Safety and candidacy
Good candidates for augmentation are generally healthy non-smokers with realistic expectations and a clear reason for wanting surgery. Emotional readiness matters as much as physical candidacy. The strongest outcomes tend to come from patients who want enhancement, not perfection.
Safety depends heavily on surgeon expertise, surgical planning, and proper follow-up. Board-certified plastic surgeons evaluate not just whether you can have the procedure, but whether a specific implant, size, and placement strategy make sense for your body. That level of judgment is what protects both aesthetics and long-term outcomes.

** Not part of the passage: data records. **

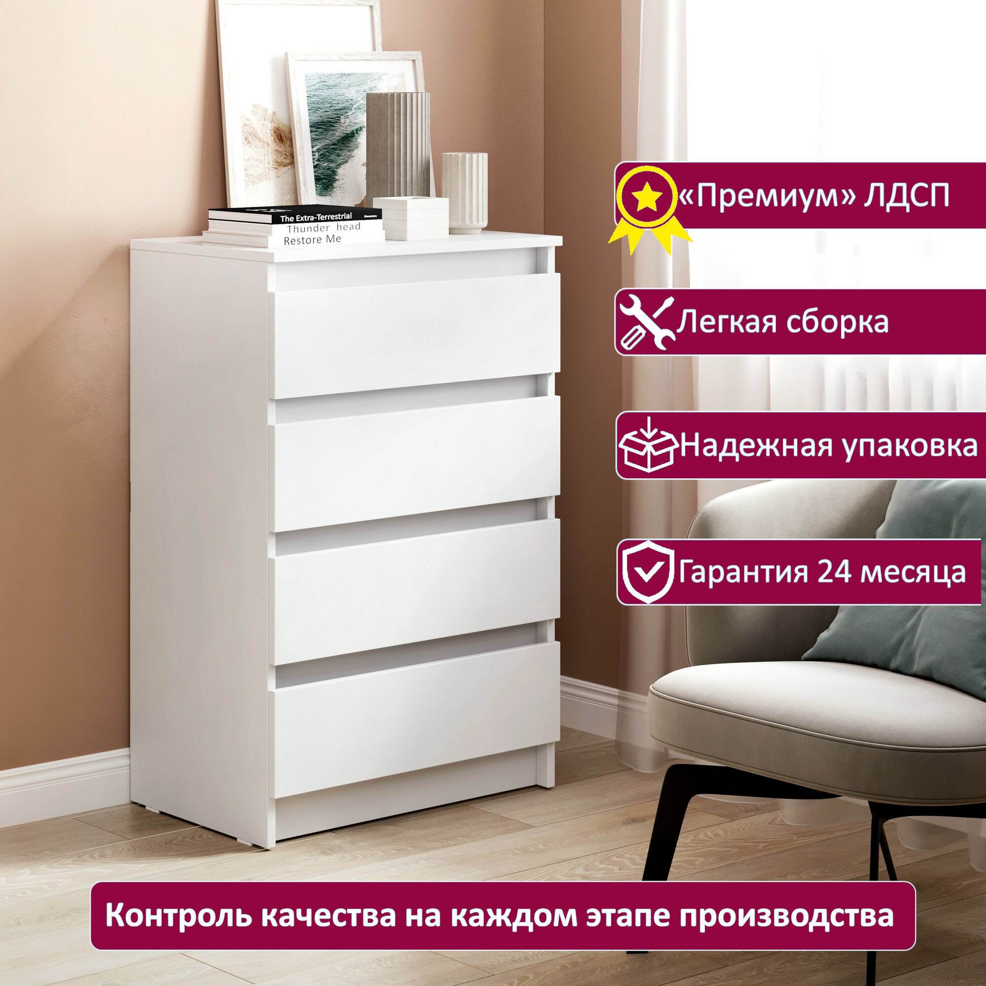 Комод Лайт 2, Белый, 60х93х40см, с 4 ящиками
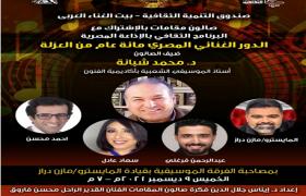 يحاضر في الصالون أ. د محمد شبانة أستاذ الموسيقي الشعبية بأكاديمية الفنون ، وحديث حول " الدور" الغنائي واسباب اختفائه من الساحة الفنية.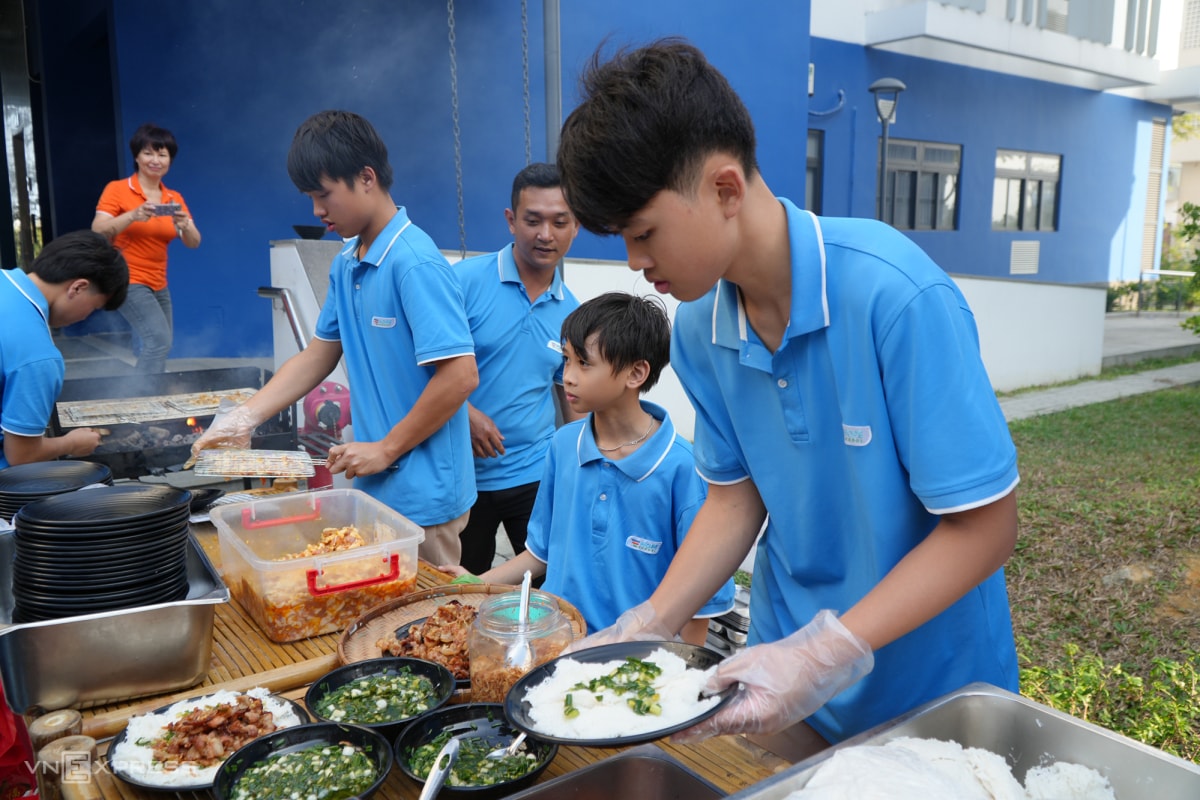 Không chỉ học sinh nữ đứng bếp, nhiều bạn nam cũng trổ tài nấu nướng khi đứng quầy bánh hỏi thịt nướng, chè chuối, bánh flan.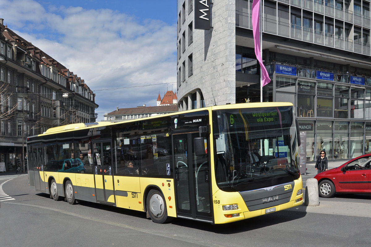 MAN Lions City 158, auf der Linie 6, fährt zur Haltestelle beim Bahnhof Thun.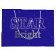 Stor presentsäck i "Star Bright" ord-konst, med julstjärnan i stjärnform, i midnattsblått och silver grått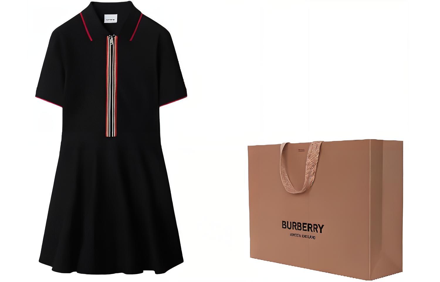 Burberry Женское черное платье с короткими рукавами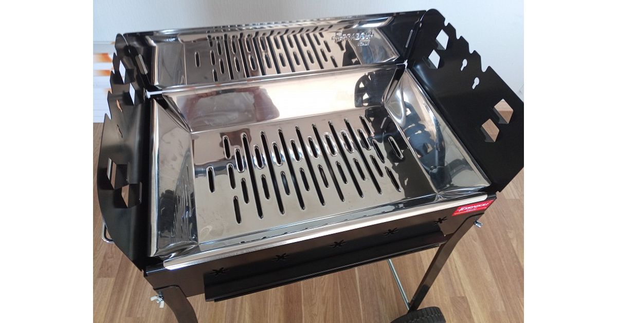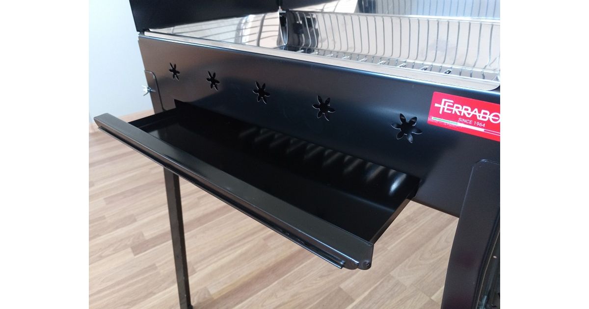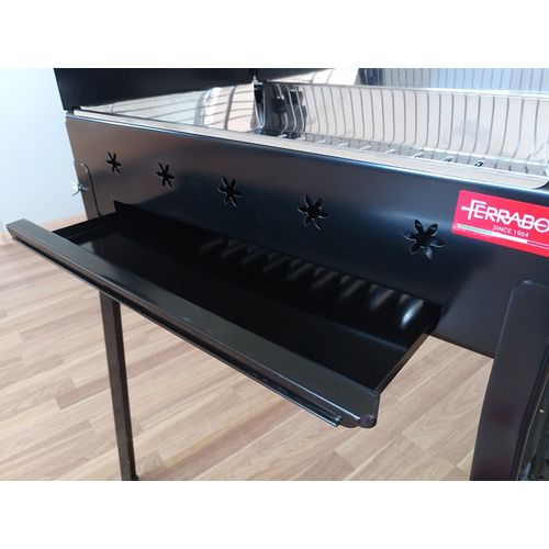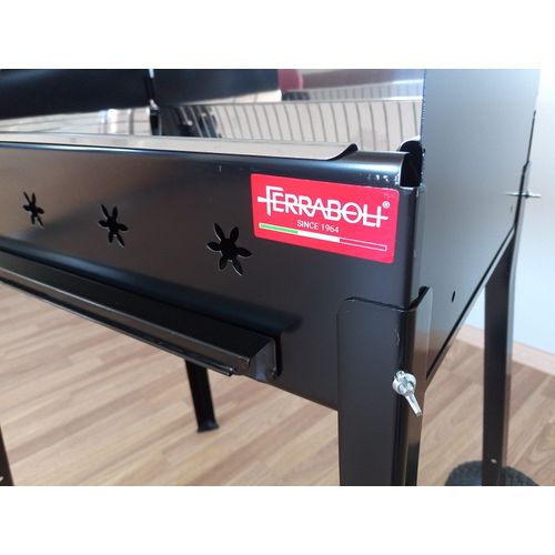 Söevann-mangaal tüüpi söegrill Itaalia tootjalt. Kandmiskäepidemed mõlemal küljel. tugevad L-profiilist jalad. Roostevabast terasest AISI 430 (toiduainetööstuses kasutatav Inox) söevann grilli põhjas. Tuhasahtel. mille abil on võimalik reguleerida ka söele liikuvat õhu hulka. Mõõdud 58x37 cm. kõrgus 84 cm. Komplekteerimisel soovitame kasutada töökindaid. Valmistatud 100% Itaalias. FERRABOLI - Itaalia BBQ seadmete tootja aastast 1964.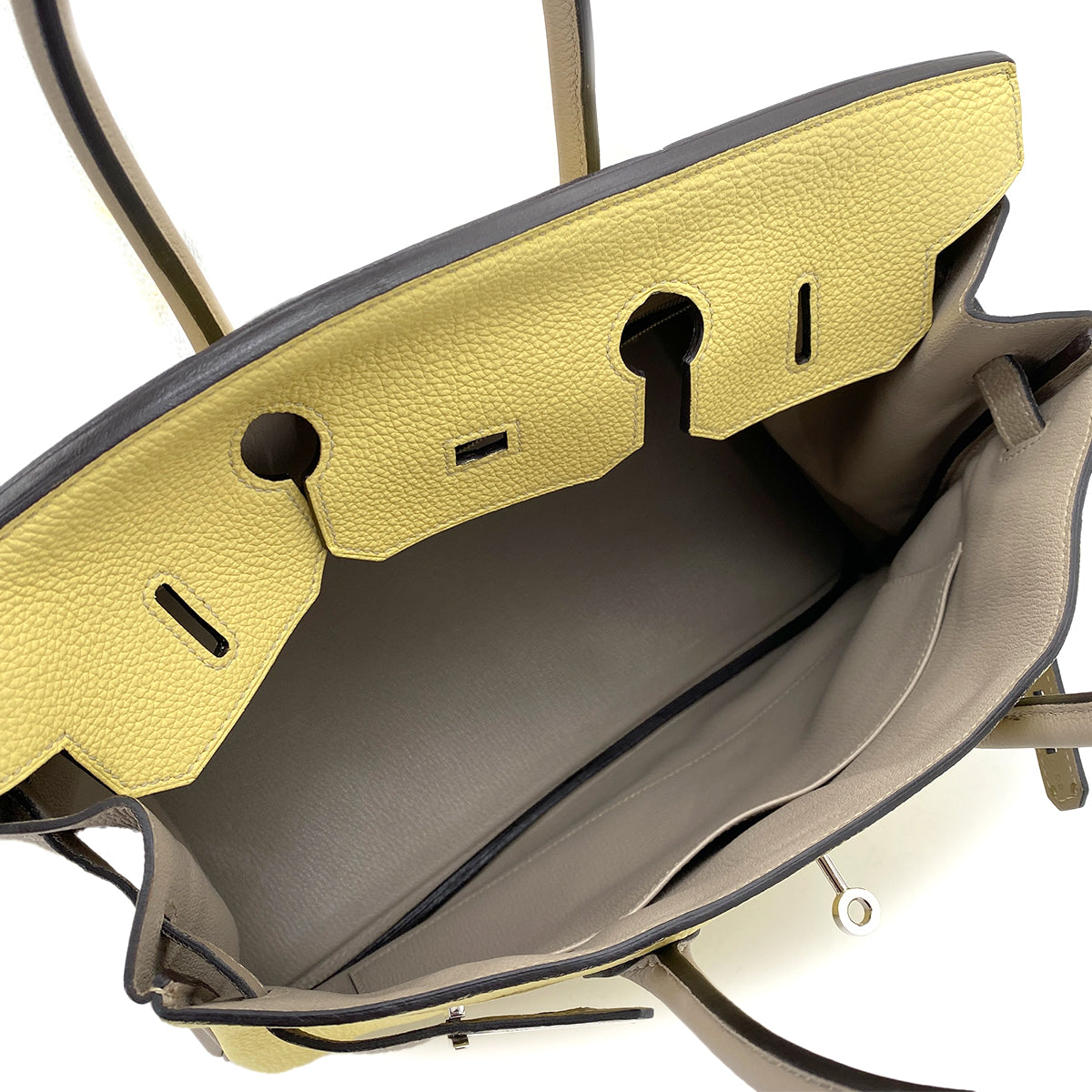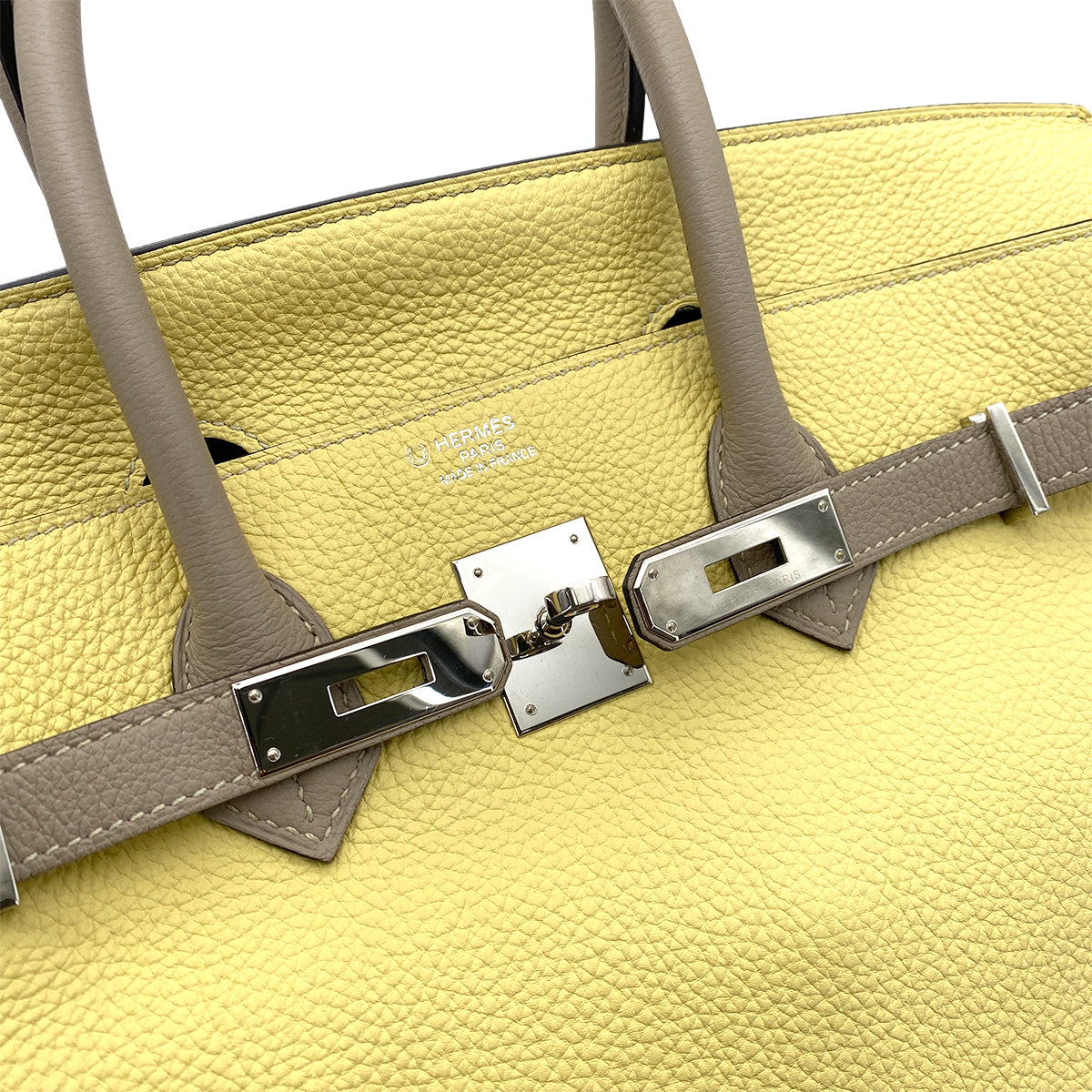 HERMES BIRKIN 35 JAUNE POUSSIN GRIS TOURTERELLE TAURILLON CLEMENCE HAND BAG T SHW SPO 90255359

Patients should also understand the trade-offs. A larger implant may create more dramatic fullness, but it can also place more weight on the tissues over time. A very subtle implant may feel safer aesthetically, but it may not deliver enough change to justify surgery for some patients. The right plan lives in the middle ground between desire and anatomy.
How breast augmentation works with a natural-looking goal
The most sophisticated augmentations are often the least obvious to other people. Friends may notice that you look more balanced or that clothes fit better without immediately identifying surgery. That kind of result usually comes from careful restraint, strong technical execution, and a surgeon who understands proportion.
In a practice such as Dr. David Kim’s, that emphasis on precision and refined outcome matters because many patients are not looking for a generic enhancement. They want a result that respects their frame, their lifestyle, and the way they want to present themselves. That is a different standard than simply going bigger.
If you are researching augmentation seriously, the best next step is not chasing a trend or a cup size. It is understanding your anatomy, your options, and what kind of result will still feel right years from now.